Re: [PATCH 3/3] KVM: VMX: Extend VMX's #AC interceptor to handle split lock #AC in guest

Sean Christopherson <sean.j.christopherson@xxxxxxxxx> · Thu, 2 Apr 2020 13:51:09 -0700

On Thu, Apr 02, 2020 at 10:07:07PM +0200, Thomas Gleixner wrote:
> Sean Christopherson <sean.j.christopherson@xxxxxxxxx> writes:
> > On Thu, Apr 02, 2020 at 07:19:44PM +0200, Thomas Gleixner wrote:
> >> Sean Christopherson <sean.j.christopherson@xxxxxxxxx> writes:
> > That puts KVM in a weird spot if/when intercepting #AC is no longer
> > necessary, e.g. "if" future CPUs happen to gain a feature that traps into
> > the hypervisor (KVM) if a potential near-infinite ucode loop is detected.
> >
> > The only reason KVM intercepts #AC (before split-lock) is to prevent a
> > malicious guest from executing a DoS attack on the host by putting the #AC
> > handler in ring 3.  Current CPUs will get stuck in ucode vectoring #AC
> > faults more or less indefinitely, e.g. long enough to trigger watchdogs in
> > the host.
> 
> Which is thankfully well documented in the VMX code and the
> corresponding chapter in the SDM. 
> 
> > Injecting #AC if and only if KVM is 100% certain the guest wants the #AC
> > would lead to divergent behavior if KVM chose to not intercept #AC, e.g.
> 
> AFAICT, #AC is not really something which is performance relevant, but I
> might obviously be uninformed on that.
> 
> Assumed it is not, then there is neither a hard requirement nor a real
> incentive to give up on intercepting #AC even when future CPUs have a
> fix for the above wreckage.

Agreed that there's no hard requirement, but general speaking, the less KVM
needs to poke into the guest the better.

> > some theoretical unknown #AC source would conditionally result in exits to
> > userspace depending on whether or not KVM wanted to intercept #AC for
> > other reasons.
> 
> I'd rather like to know when there is an unknown #AC source instead of
> letting the guest silently swallow it.

Trying to prevent the guest from squashing a spurious fault is a fools
errand.   For example, with nested virtualization, the correct behavior
from an architectural perspective is to forward exceptions from L2 (the
nested VM) to L1 (the direct VM) that L1 wants to intercept.  E.g. if L1
wants to intercept #AC faults that happen in L2, then KVM reflects all #AC
faults into L1 as VM-Exits without ever reaching this code.

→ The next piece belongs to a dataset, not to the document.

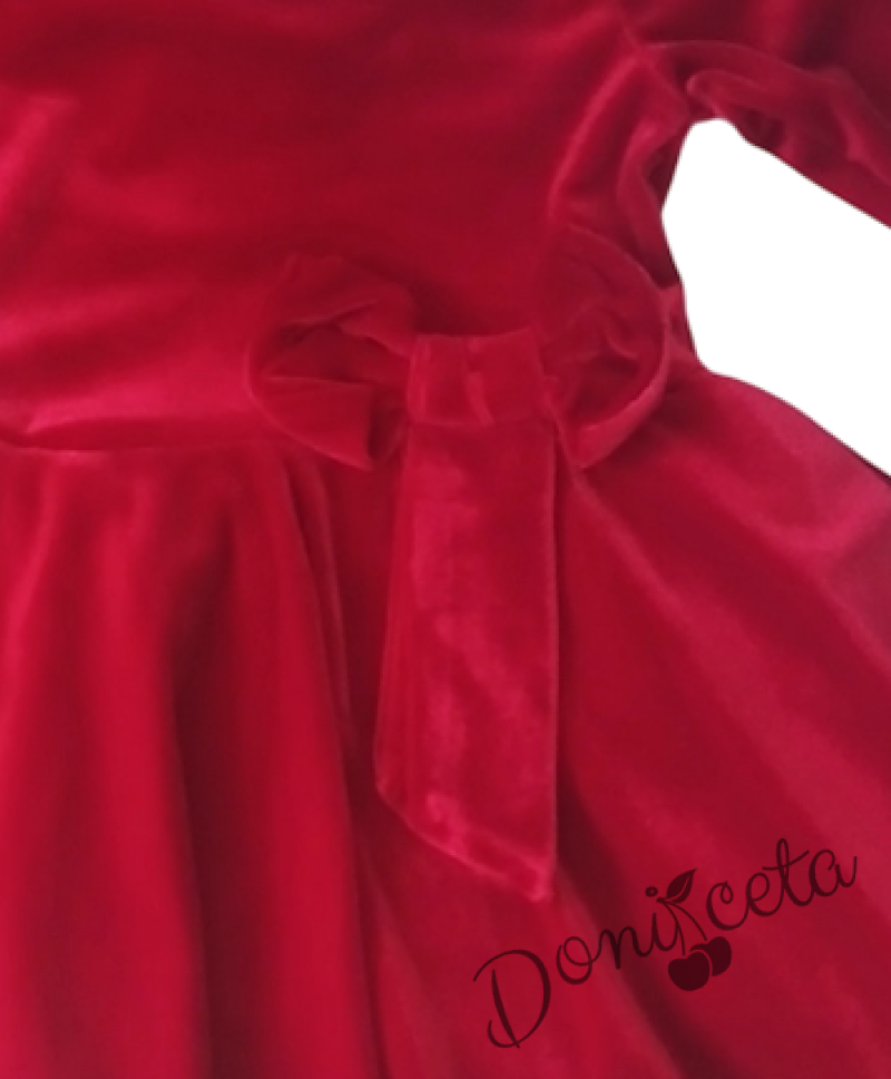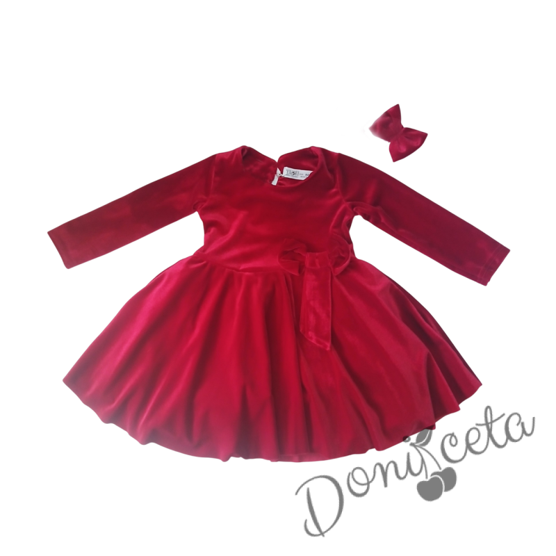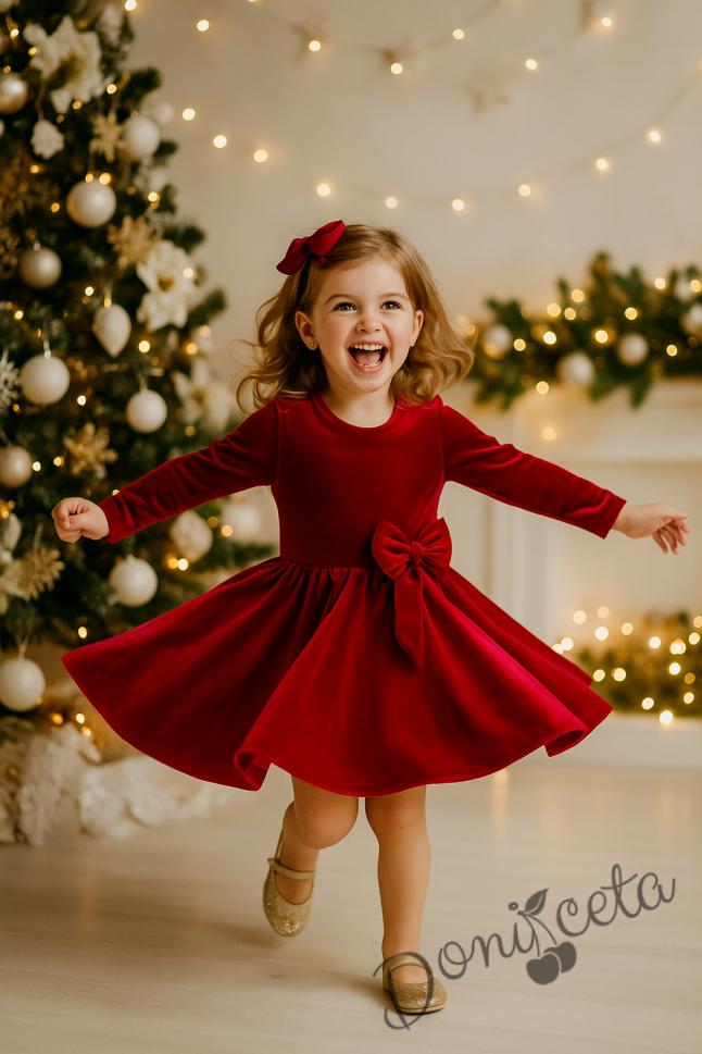 Детска коледна рокля в червено с панделка Елиса и фиба за коса

Nested virt aside, detecting spurious #AC and a few other exceptions is
mostly feasible, but for many exceptions it's flat out impossible.

Anyways, this particular case isn't a sticking point, i.e. I'd be ok with
exiting to userspace on a spurious #AC, I just don't see the value in doing
so.  Returning KVM_EXIT_EXCEPTION doesn't necessarily equate to throwing up
a red flag, e.g. from a kernel perspective you'd still be relying on the
userspace VMM to report the error in a sane manner.  I think at one point
Xiaoyao had a WARN_ON for a spurious #AC, but it was removed because the
odds of a false positive due to some funky corner case seemed higher than
detecting a CPU bug.

> TBH, the more I learn about this, the more I tend to just give up on
> this whole split lock stuff in its current form and wait until HW folks
> provide something which is actually usable:
> 
>    - Per thread
>    - Properly distinguishable from a regular #AC via error code
> 
> OTOH, that means I won't be able to use it before retirement. Oh well.
> 
> Thanks,
> 
>         tglx